Consider the case where a team wants to evaluate the relationship between the size of the ML model, the time for transcription and the actual quality of the output. For a few different inputs, the team would want to run Whisper using different model sizes and compare the results. Metaflow makes it easy to populate results across these dimensions, so you make informed decisions about this tradeoff without writing extra code.
For 3 different Youtube urls and for evaluating the tiny and large models, the evaluation would look something like below:
Each of the circles is a step in Metaflow. transcribe is called for each URL in parallel using Metaflow’s foreach construct. Each transcribe does another foreach for tiny and large models.

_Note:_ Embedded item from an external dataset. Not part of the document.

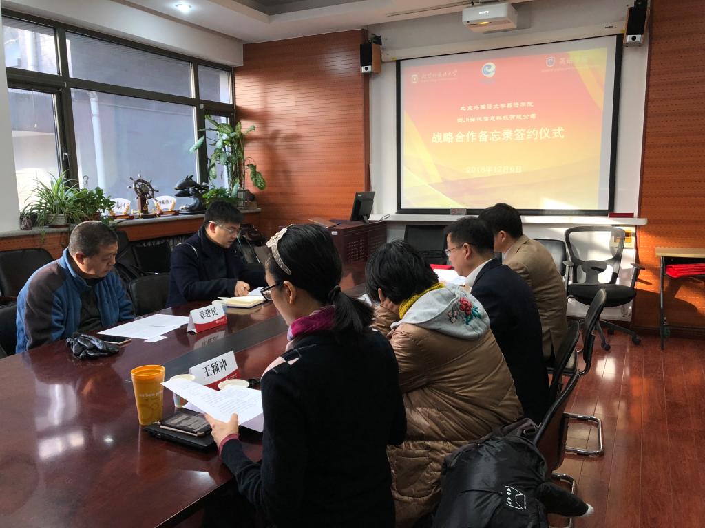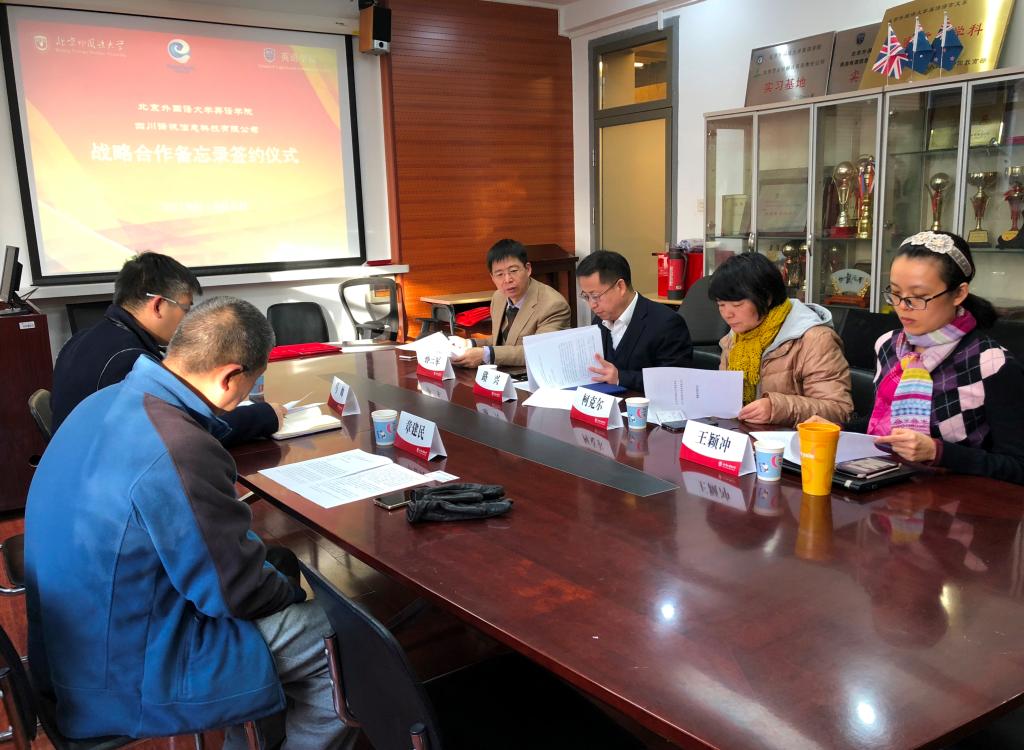 2018年12月6日,太阳集团tyc9728与四川译讯信息科技有限公司校企战略合作备忘录签约仪式在太阳集团tyc9728会议室举行。党总支书记路兴、MTI翻译中心主任孙三军、翻译系教师柯克尔、王颖冲,译讯科技CEO马帅、副总经理章建民参加。仪式由孙三军主持。
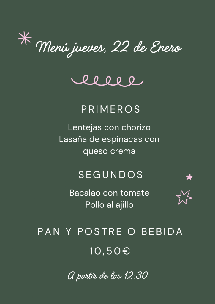 Menú jueves, 22 de Enero enero 21, 2026 de Tu Puchero Deja un comentario Comparte esto: Compartir en X (Se abre en una ventana nueva) X Comparte en Facebook (Se abre en una ventana nueva) Facebook Más Compartir en WhatsApp (Se abre en una ventana nueva) WhatsApp Me gusta Cargando...

The actual transcription happens in the tiny and large steps which use Whisper’s tiny and large machine learning models respectively.

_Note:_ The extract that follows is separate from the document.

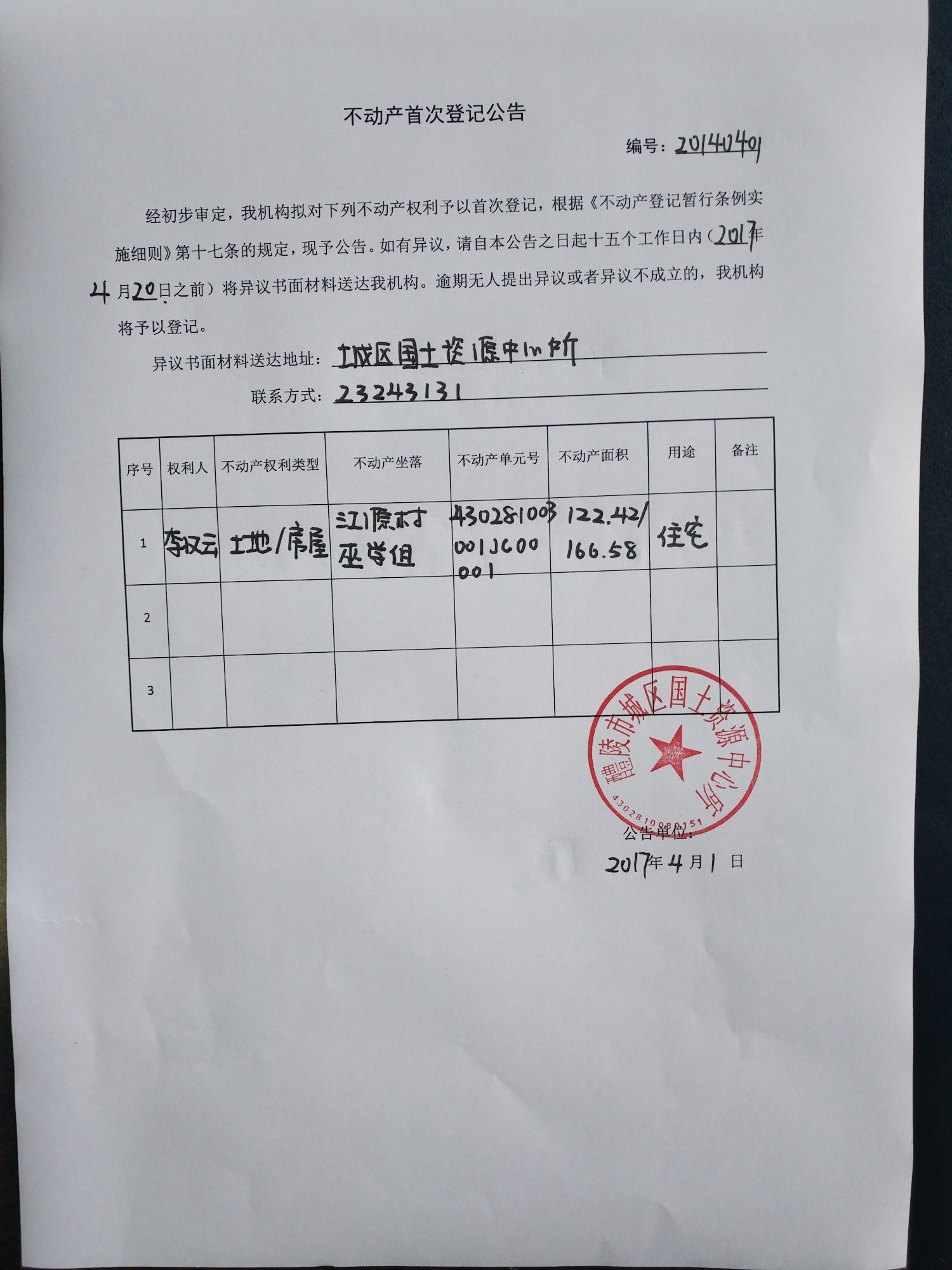 不动产首次登记公告(李汉云)

The join step performs any post-processing specific to a given url. The post-join step can perform the actual evaluation of the quality of output, the time taken, etc.
The source code for this can be found here: https://github.com/outerbounds/whisper-metaflow-k8s
For this particular post, we used 3 videos from the Youtube channel BBC Learning English for evaluation.

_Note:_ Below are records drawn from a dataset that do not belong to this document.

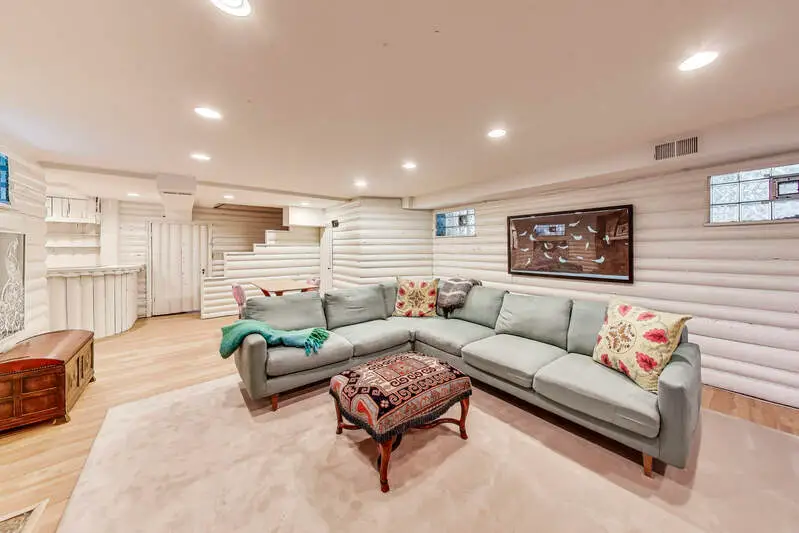 - Wood-paneled rec room
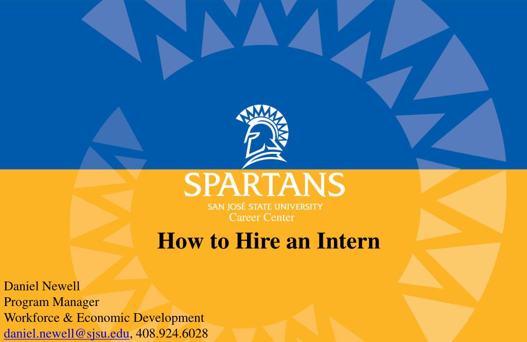 Career Center. How to Hire an Intern. Daniel Newell Program Manager Workforce & Economic Development daniel.newell@sjsu.edu , 408.924.6028. Learning Outcomes Define an internship and the fundamentals of a successful internship program
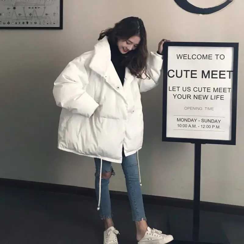 Однотонная хлопковая куртка, женская одежда, зима 2021, корейская мода, ретро, Повседневная свободная, в стиле преппи, короткая хлопковая куртка, тренд
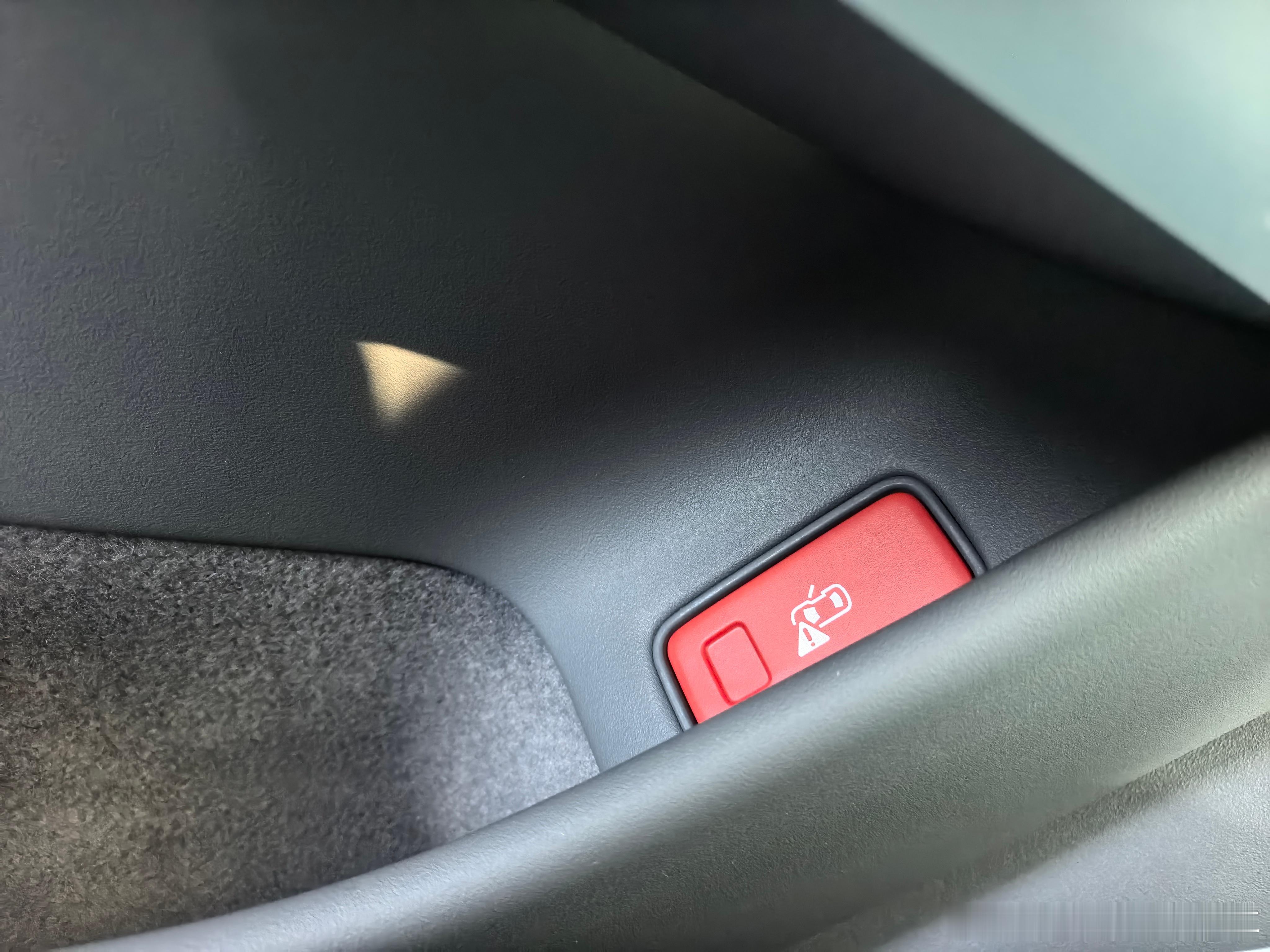 与众08的四个车门都有应急机械门把手,并且是醒目的红色,一眼就能看到。这个安全设计必须点赞。

To begin with, the flow was run locally on an M1 Macbook Pro having 64GB of memory. This was mainly to confirm that the code executes correctly and the output is in the expected format.
Thanks to Metaflow, running the flow is as simple as executing:
python3 sixminvideos.py run
This run completed in approx. 10 minutes (see below) which is impressive considering that 6 different transcriptions happened in parallel during this time. Note that OpenAI Whisper downloads the machine learning model and caches it locally. In this case, these models were already cached locally. Otherwise, the time would have been longer.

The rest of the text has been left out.